**EXERCISE OBJECTIVE**.
The line with "view page |" marks the first line to copy, and the line with "15. Bordslampor 2" marks the last. Transcribe that stretch of the data below exactly, without pictures.

======== RECORDED DATA ========

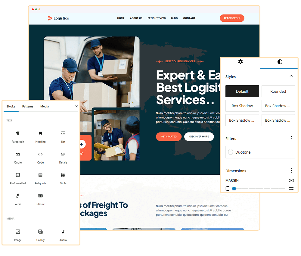 Blockskit Logistics is modern block-based theme where you can build your own unique looking website by using WordPress Blocks Editor. No coding required.
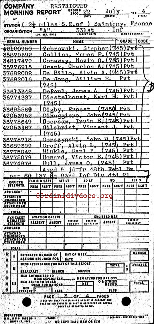 | 1944-07-22 | PVT | Assigned and joined from 48th Replacement Battalion as of July 20, 1944 | 745 | A / 331 | view page |
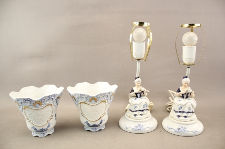 15. Bordslampor 2 st och krukor 2 st i porslin
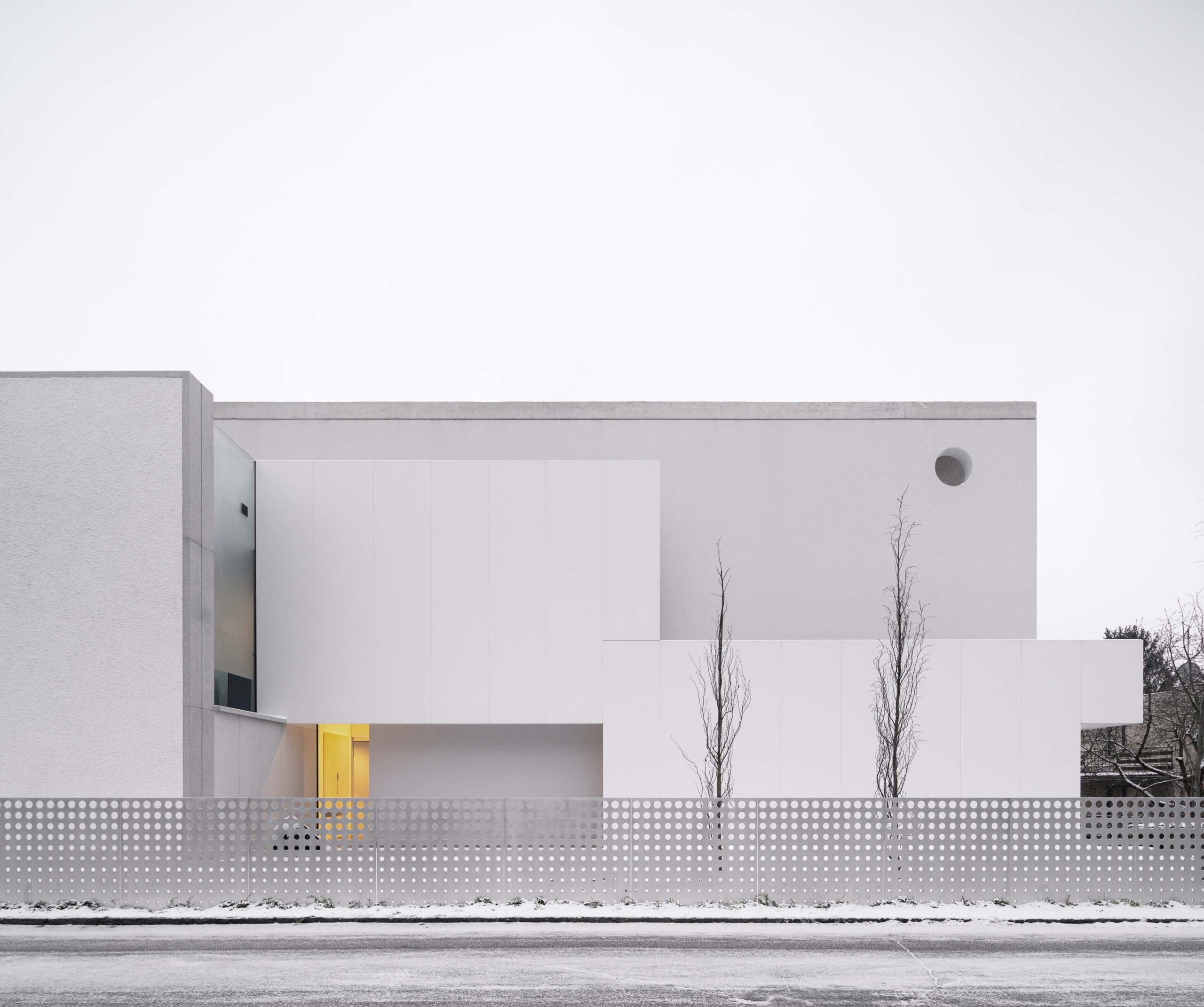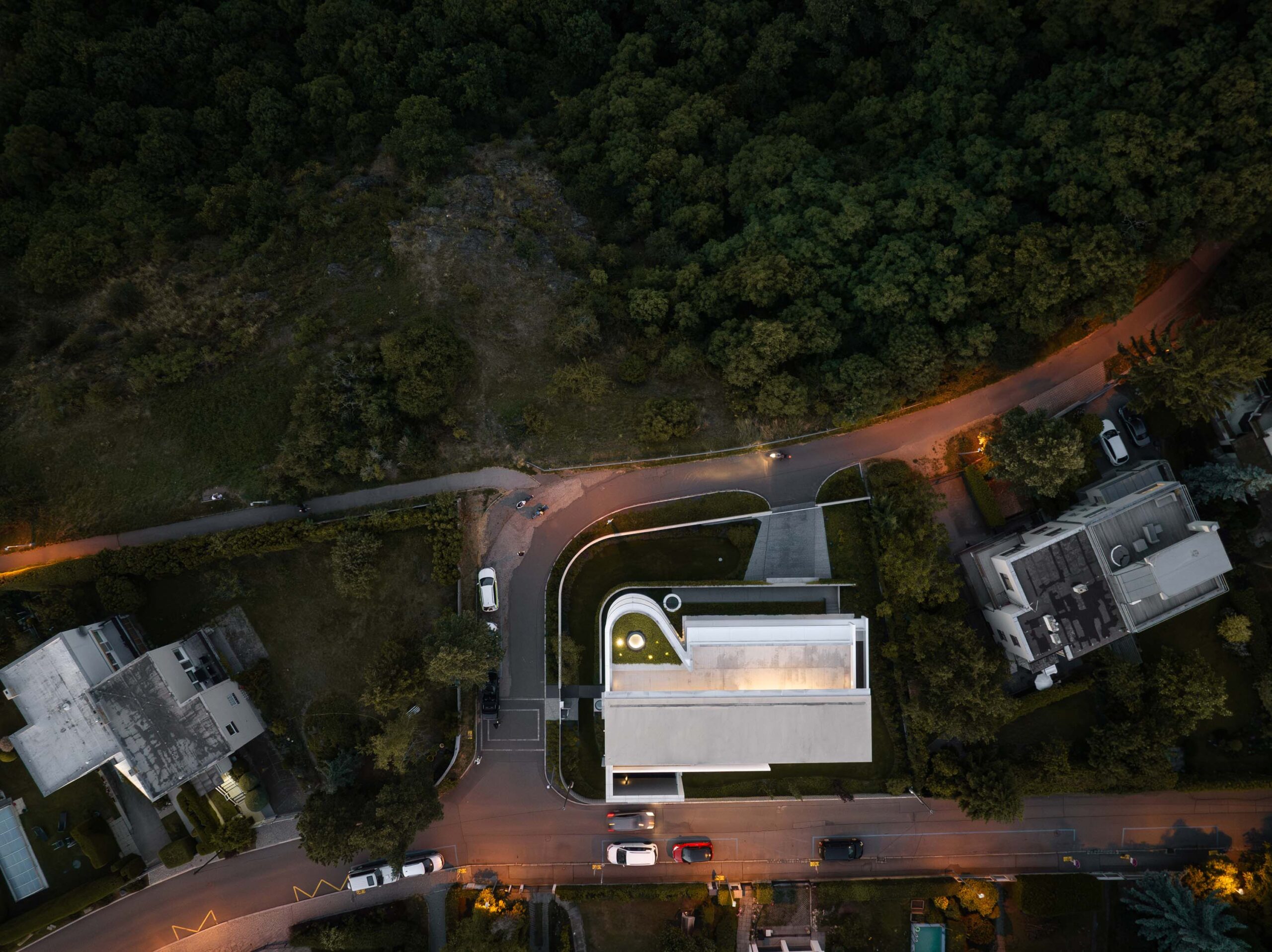 Do podzemního parkingu se vjíždí z jihozápadní části ve spodní hraně domu, pod úrovní terénu. Pemrlovaná betonová zídka je přerušena kovovou „žiletkou“ brány, která se elegantně zařezává do minimalistické zdi. Prvek nautického okénka se opakuje také v jemné, gradující mřížce nízkého plotu. Dům má v podzemí parkování pro několik vozů a posilovnu, naopak chybí bazén, protože majitelé svůj čas tráví v jižní Evropě v letním domě.

========

**ANSWER AREA**.
 | 1944-07-22 | PVT | Assigned and joined from 48th Replacement Battalion as of July 20, 1944 | 745 | A / 331 | view page |
 15. Bordslampor 2 st och krukor 2 st i porslin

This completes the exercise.